I sometimes see Mr. Fantastic around. Richards vexed some stores by hanging around in big numbers, and this once $10-$12 figure is now easily had for under $7. At that price I'd recommend you run out and get him. While Hasbro's Kenner-style figures capture much of the vocabulary of the old toys, the syntax is a little off. The limited articulation and mold reuse are here, because he's got Spider-Man's ridiculously ripped torso - and his pose. These figures are mostly all the same blank body with little flourishes like a unique head or distinctive hands, but by and large they're the same toy with new head and a new paint job. And it works! Thanks to some pretty stunning package artwork this is a figure you'll see and go "Wow, maybe I should buy these!" I know it worked on me - I kept looking at them at the store before going "Well, maybe I need Spider-Man" and then "Well, maybe Iceman and Firestar" and then "Oh heck just give me them all" after seeing Ghost Rider was coming. As onesies and twosies they're not compelling, but now that the line has passed 40 pretty good figures? It's hard to not love.
This figure is typical of the line. The head has a better-than-Kenner-would-do paint job with gray temples, whites around his eyes, and pretty good eyebrows. The face is crisper than most old figures, and is more lively. I love that they molded the head in flesh color, but I also appreciate that the gloves and boots were too. He will most likely hold up better to play and aging, as long as they don't start to yellow with time. The painted-on gray sideburns make me think that it's entirely possible this was meant to resemble the Roger Corman Fantastic Four movie costume, which doesn't bother me in the slightest.

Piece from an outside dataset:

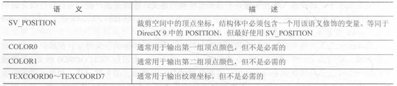 ==在 DirectX 10 以后,有了一种新的语义类型,就是系统数值语义(system-value semantics)。这类语义是以 SV 开头的,SV 代表的含义就是系统数值(system-value)。这些语义在渲染流水线中有特殊的含义。==

One of the dangers of doing figures for collectors is they surgically remove the "fun" part. Mr. Fantastic would probably have stretchy limbs or exaggerated hands if he were an actual kid's toy, instead of a decent-looking straightforward recreation of the Richards patriarch on an existing, profitable figure buck. He's a perfectly good middle-age man hero in a blue catsuit, and he has his age rating right on his chest if you want to give him to your kids to play with. The packaging illustration is so much more fun to look at, you may find it disappointing that he's just a decent looking figure with seven points of articulation.
I consider this - and honestly, every - figure a must-have at clearance prices. For the discriminating fanatic, you'll probably find Marvel's line to have the very best packaging with figures that are merely very good. Hasbro did a good job making a generic body they can reuse for dozens of figures - hundreds, had they the stomach for it - but with figures like this you can really appreciate things like some of Kenner's weird open and useless hands. There's no reason to do it, but by changing up the hands you can alter the figure's personality. Both are designed to grip accessories and you don't get any gear in here. If one hand had wide spread-out fingers or was making some sort of gesture like he's reaching out or stretching, he's be a pretty exciting figure. The sculpt is sharp and the figure hits all the marks pretty well, but unlike some of the other offerings I don't know if you need it at full retail price (or higher.) But I'm goofy, I enjoy these things, and I'm happy Hasbro gave Kenner another lap at my wallet as an adult who can afford these things.